Unscientific America and the popular image of science

I was intrigued but ultimately left unsatisfied by this article on Salon.com. Titled “Why America is flunking science”, the article takes on the question of why so many Americans don’t know basic facts about science. But rather than repeating the same tired claims about the uneducated masses, they consider instead the image of science presented by Hollywood and by scientists themselves. They walk through a number of examples (the well-researched but still implausible plot of Angels & Demons, Michael Crichton’s denial of global warming, the supposed link between vaccinations and autism) to demonstrate that the problem isn’t always a lack of education:

Consider vaccination. An army of aggrieved parents nationwide, likely spurred in part by Robert F. Kennedy Jr., swears today that vaccines are the reason their children developed autism, and they seem virtually impossible to convince otherwise. Scientific research has soundly refuted this contention, but every time a new study on the subject comes out, the parents and their supporters have a “scientific” answer that allows them to retain their beliefs. They get their information from the Internet, from other parents of like mind, from a few non-mainstream researchers and doctors who continue to challenge the scientific consensus, and perhaps most of all — as was much the case with Crichton and global warming — from a group of celebrities, most prominently Jenny McCarthy and Jim Carrey, who have made a cause of championing such misinformation and almost assuredly deeply believe in it.

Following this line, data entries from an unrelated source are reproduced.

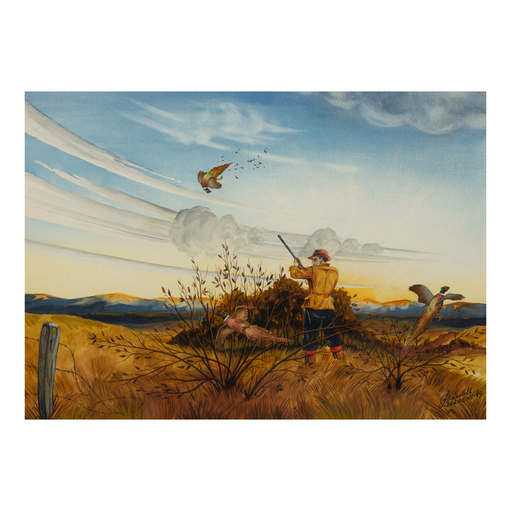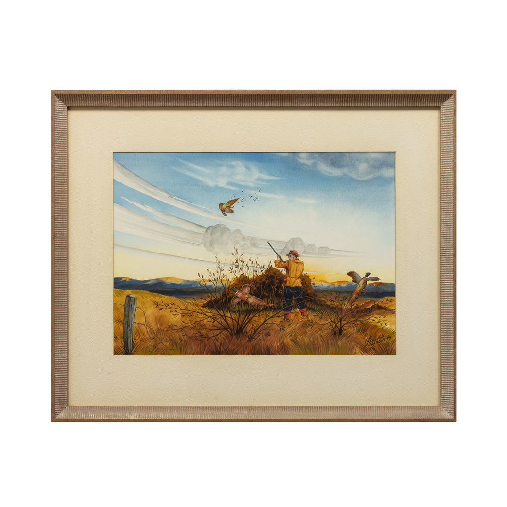 Pair of original watercolors. 13" x 18". Original frame and matting. Dated 1949. Original sporting illustrator. These originals were used for calendars and magazines.
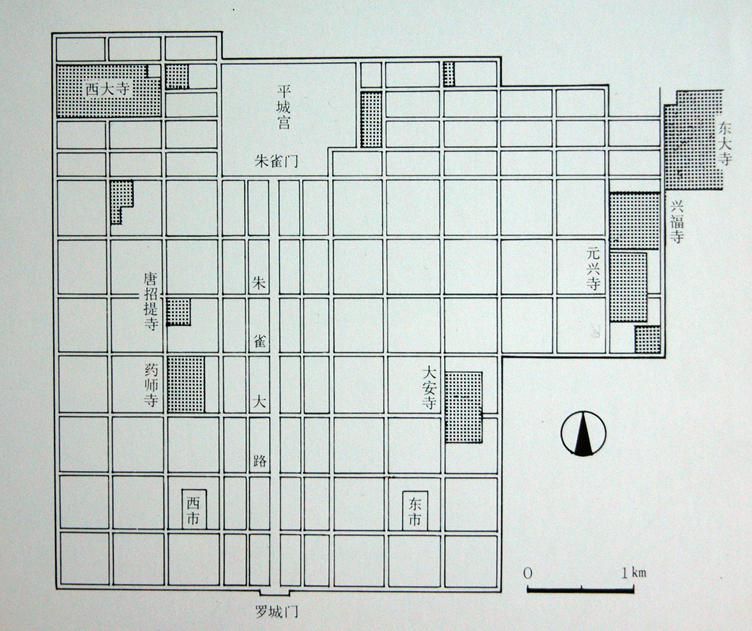 平城京在規(guī)模上繼承了藤原京,面積大致相同,東西約5.9km、南北約4.8km,其形制主要模仿唐長(zhǎng)安城。全城平而呈長(zhǎng)方形,宮城在北部中央。南面正中設(shè)象征性的都城正門——羅城門。羅城門與宮城的朱雀門相對(duì),朱雀大路縱貫?zāi)媳保L(zhǎng)約3.8km,寬72m。而此朱雀大路正好將全城分為東西兩部分,分別稱左京和右京。京城內(nèi)有里坊與商市(即東市和西市)。這些設(shè)置和街道的名稱都和唐長(zhǎng)安一模一樣,但總體面積僅為唐長(zhǎng)安城的四分之一(圖二十一)。
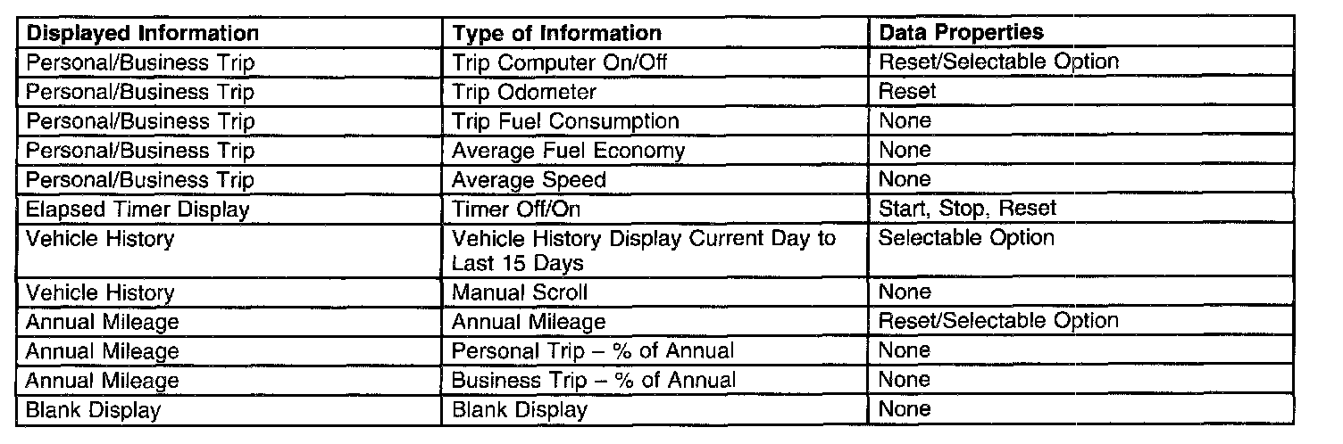 The DIC Personal/Business Trip Mode displays five vehicle information parameters in order as listed in the table above. When the Trip Mode button is pressed the first Personal/Business Trip parameter displayed is the Trip Computer On/Off. This feature will turn any Personal/Business parameter (i.e. Trip Odometer, Trip Fuel Consumption, Average Fuel Economy, Average Speed) On or Off. When the Trip Computer On/Off parameter is displayed and the On/Off button is pressed, the status of all other Personal/Business Trip parameters will also change. Every time any Personal/Business Trip parameter is selected and reset, all other Personal/Business Trip parameter data values are reset. There are two methods for resetting the Personal/Business Trip parameter data values:

Yet the parents who listen to McCarthy and Carrey — rather than the CDC and the FDA and the National Academy of Sciences’ Institute of Medicine — tend to be well-to-do and highly educated. Calling them “ignorant” is hardly accurate. After all, they’ve probably done far more independent research on a scientific topic that interests and affects them than most other Americans have. Like Crichton, they may be misusing their intelligence, but it’s not as though they don’t have any to begin with. Perhaps Mark Twain put it best: “The trouble with the world is not that people know too little, but that they know so many things that ain’t so.”

While I’m highly sympathetic to the take-home message that we should be paying more attention to the popular portrayal of science, I found the article incomplete in significant ways. Most importantly, I’m not convinced that the portrayal of science in Hollywood is as big a problem as they make it out to be. The spread of misinformation by celebritites, yes, certainly problematic. But to rail against the archetype of the mad scientist in fiction seems like an overreaction. The relation between this image of science, and the fact that even educated people are confused about science, seems more nuanced than the article presents. When we consider educated people who are being misled about scientific problems, isn’t the problem exactly that they do care about science but don’t know how to recognize reliable information? This is very different from the problem of avoiding science altogether because of unfavorable stereotypes.

While the article discusses some new institutions that are trying to tackle the image problem, it doesn’t give any concrete suggestions about what individual scientists can do to improve the image of science. Fortunately, the authors, Chris Mooney and Sheril Kirshenbaum, have just released a book, Unscientific America: How Scientific Illiteracy Threatens our Future, dealing with themes like those in this article. I’m very much looking forward to reading it.

If you’re interested in this topic, you might also want to follow Mooney and Kirshenbaum’s blog, The Intersection, where they are currently engaged in a high-profile debate with Pharyngula’s PZ Meyers.